Alternative Data for Macro Gaps

The erosion of trust in official government statistics, particularly from the Bureau of Labor Statistics, highlights the risks posed when data collection faces political interference, funding cuts, and falling response rates.

4 months ago   •   13 min read

By Mikheil Shengelia

The Trump administration has been changing how government data is collected and shared, raising concerns among economists, scientists, and policymakers about the integrity of official statistics. This issue came to the forefront when President Trump fired Erika McEntarfer, head of the Bureau of Labor Statistics (BLS), after the agency reported slowing job growth. While presidents often highlight favorable numbers, McEntarfer’s removal sparked alarm over potential politicization of data that has long been considered neutral and reliable. Critics, including members of Trump’s own party, argue that dismissing officials over data reporting undermines confidence in government statistics.

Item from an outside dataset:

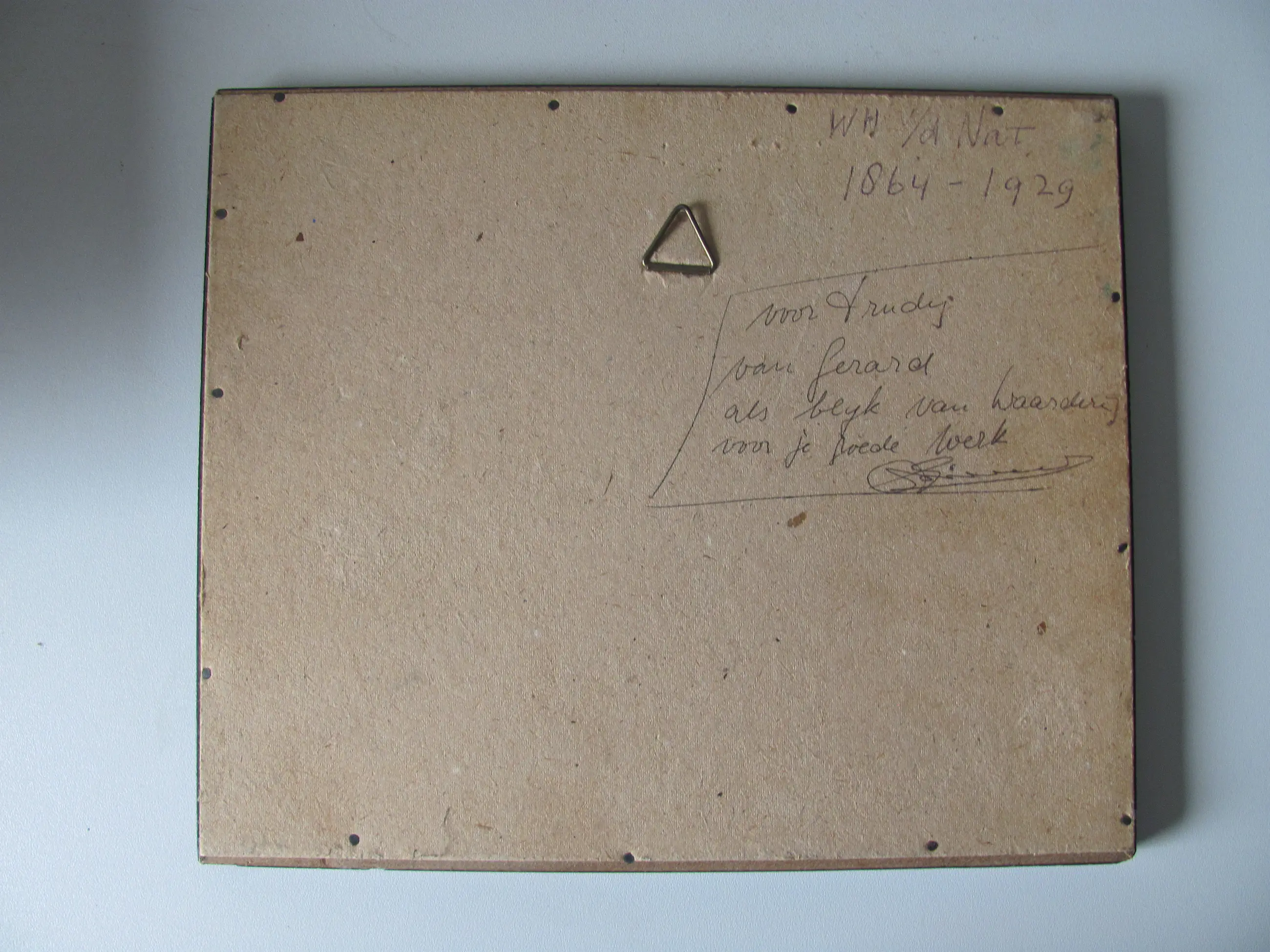 De lijst vertoont enkele lichte beschadigingen die grotendeels met een correctiestift zijn weggewerkt.

Beyond employment figures, the administration has scaled back or frozen several other streams of federal data. The National Weather Service reduced weather balloon launches, the National Climate Assessment lost funding and staff, and the CDC scrubbed certain HIV statistics from its website. Immigration and workforce datasets have also faced delays or long freezes. These changes have left researchers and the public with significant information gaps, impacting everything from climate forecasting to health decision-making. Experts warn that limiting or altering data could hurt public health and safety, since accurate numbers are essential for making good decisions.

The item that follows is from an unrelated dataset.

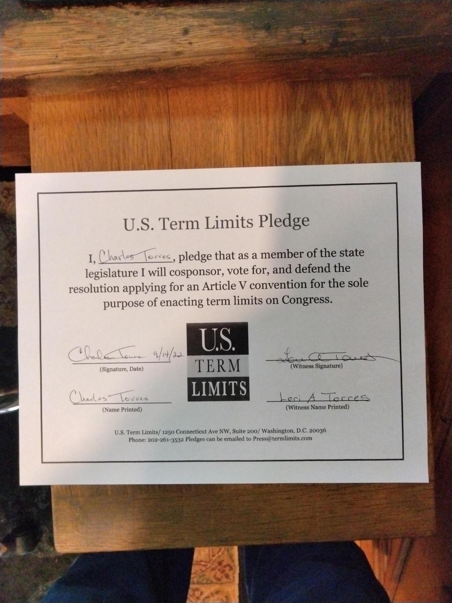USTL President, Philip Blumel, commented on Torres’s pledge saying, “Chuck’s support of term limits shows that there are individuals who are willing to listen to the majority of voters who want term limits. America needs a Congress that will be served by citizen legislators, not career politicians.”

The White House has denied accusations of data manipulation, insisting that the administration is committed to transparency and accuracy. Officials argue that staffing issues, outdated collection methods, and resource constraints explain the cutbacks, while President Trump himself has dismissed unfavorable figures as "rigged." At times, President Trump has contradicted his own agencies’ reports, choosing to amplify positive statistics when they support his narrative. Critics argue that this selective approach damages trust in government data and could weaken institutions that are supposed to provide unbiased, reliable information to the public.

Paul Schroeder, head of the Council of Professional Associations on Federal Statistics, warned that “stat agencies are under incredible pressure to get timely, accurate and granular data to the American public,” emphasizing that staff “are largely apolitical” and focused only on the integrity of the data.

At the same time, President Trump and his allies have accused BLS data of being politically skewed, despite experts saying such claims misunderstand how the agency works. Aaron Sojourner of the Upjohn Institute noted it is “a mistake to imagine that it’s anything other than technical experts doing their best with the resources they have.”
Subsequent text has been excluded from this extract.